張儀走進房中,複於幾前坐下。香女跟進,見張儀端坐於地,一句話不說,略一遲疑,在他對麵並膝坐了。


    張儀抱拳道:“儀有一言,不知姑娘愛聽否?”


    香女笑道:“隻要是夫君所言,奴家句句愛聽。”


    張儀微微一笑:“依姑娘才貌,依姑娘家勢,天下好男兒自可隨意挑選,在下……在下本是浪子,學無所長,家無強勢,手無寸鐵,寄人籬下,處境尷尬,姑娘緣何……”頓住不說了。


    香女笑道:“夫君此言,奴家夜間已答過了。也請夫君今後莫要再提。奴家既已身許夫君,就是夫君之人,夫君上刀山,下火海,奴家也願跟從!”


    張儀苦笑一聲:“姑娘這是強人所難,硬逼在下了。”


    香女聞言,淚水流出,哽咽道:“夫君何……何來此話。奴家設擂選夫,夫君力奪擂主,奴家……奴家……想是奴家相貌醜陋,配不上夫……”打住話頭,顯然說不下去了。


    張儀也覺此言唐突,急急道歉:“姑娘切莫傷心,是在下錯了。不是姑娘配不上在下,也不是在下不願結親,實是——”長歎一聲,“唉,實是在下另有苦衷!”


    香女抬起淚眼,誠摯地望著張儀:“夫君有何苦衷,可否說予奴家?”


    張儀連連搖頭,有頃,抬頭望向香女:“不瞞姑娘,在下實有大事在身,還望姑娘高抬貴手,放在下出去。待在下完成這樁大事,再來明媒正聘,迎娶姑娘如何?”


    香女不無堅定地連連搖頭:“夫君莫逼奴家了,按照楚地習俗,你我已是明媒正聘,公諸於眾了。奴家今日已是夫君的人,夫君若是棄婚,就等於休了奴家,奴家……奴家有何顏麵再……再苟活於世?”


    張儀聞聽此話,埋頭不語。


    二人正自沉默,門外傳來腳步聲,一個家宰模樣的人走過來,哈腰候在門外,小聲稟道:“稟報姑爺、姑娘,老爺有請!”


    張儀一怔,抬頭望向香女。


    香女迴道:“知道了。你去迴稟老爺,就說我們馬上就到!”


    家宰應過,轉身走了。


    香女起身,對張儀揖道:“夫君,阿爹召請我們呢!”


    張儀思忖有頃,意識到這一關非過不可,亦起身道:“也好,在下正要會會他呢!”

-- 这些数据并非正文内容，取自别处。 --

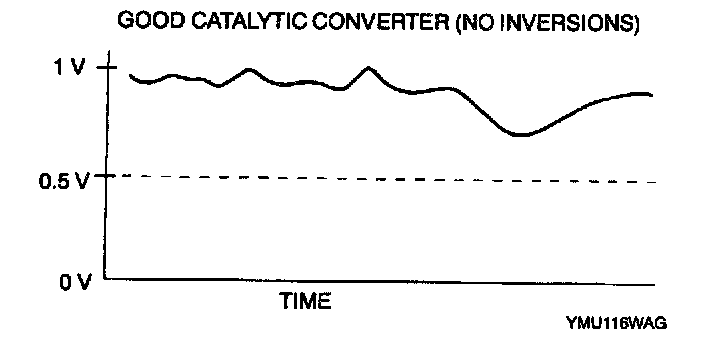 RATIO = 26 Inversions (upstream HO2S Inversions) / 19 Inversions (downstream HO2S inversions) = 1.4 (bad converter)

    張儀跟著香女,左拐右轉,來到中間一處高房,早有家宰候在門外,見二人來,引領他們走進廳中,前一步稟道:“迴稟老爺,姑爺、姑娘望您來了!”


    張儀抬頭一看,見客廳正中,一個黑漆茶幾後麵端坐一位年過花甲、須發斑白的長者。看到長者的目光射過來,香女扯一把張儀,率先跪下,叩道:“香女叩見阿爹!”


    長者點點頭,將目光射向張儀。


    張儀卻不彎膝,隻將兩手微微一抱,打個揖道:“晚生見過老丈!”


    見張儀如此不敬,廳中諸人皆吃一驚。家宰輕輕咳嗽一聲,眼睛直射過來。站在家宰身後的兩個漢子麵現慍容,兩眼怒視張儀。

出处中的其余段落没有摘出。